Mart straightened soberly. “It just so happens, Sam, that I have also done a little checking on you. I discover that the Samar Toy Plant is probably the best equipped and most modern plant of its kind in the country for producing toys of the complexity of my little rocket. It is also financially sound and respected in the industry. I’m sorry that people aren’t buying rocket-firing jet fighters this season, but it seems to me that a little expansion could convert the Samar plant to production of Nagle Rockets with profit to both of us. In short, the patents on the rockets are available for licensing to interested parties. And the contracts you have in your hand are for sale.”
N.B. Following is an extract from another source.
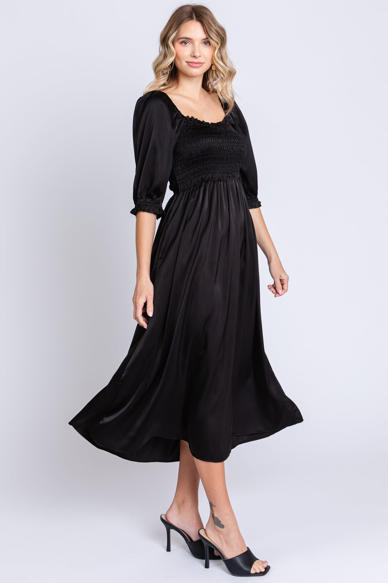 A solid satin midi dress with a smocked square ruffle accent bust, puff sleeves and side pockets.
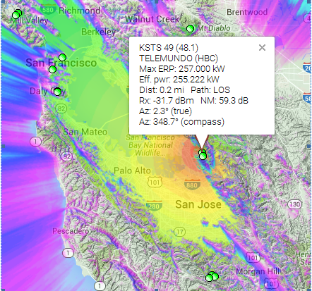 Early on after the digital transition, KGO recognized the problem with VHF and installed a 15 kW UHF 35 translator on Mt Allison that has done a decent job of covering the southern Bay area on over into the Redwood City/Palo Alto area, even back up towards the city of SF. Now that NBC, owner of both KNTV and the Telemundo affiliate KSTS, has added the flagship NBC programming to KSTS, antenna users may be able to get adequate reception from all UHF transmissions without having to gamble on VHF. UHF antenna owners in the city of San Francisco who couldn’t get a reliable VHF signal not have a second chance although will likely need to readjust the aim of their antenna, at a minimum.

“I’m an interested party, Doc,” said Sam. “I don’t mind telling you that we counted on making it this year. We thought we had the merchandise that would do it. And we would have, if it hadn’t been for you. No hard feelings, you understand, that’s all part of the racket. How about a cup of coffee while we see if we can make a deal?”

Mart nodded. “Let me finish here. I think we can come to an agreement — but you should know, right from the start, that there is likely to be a rather large amount of contention stirred up by the appearance of the Nagle Rocket. It probably won’t take very long, either.”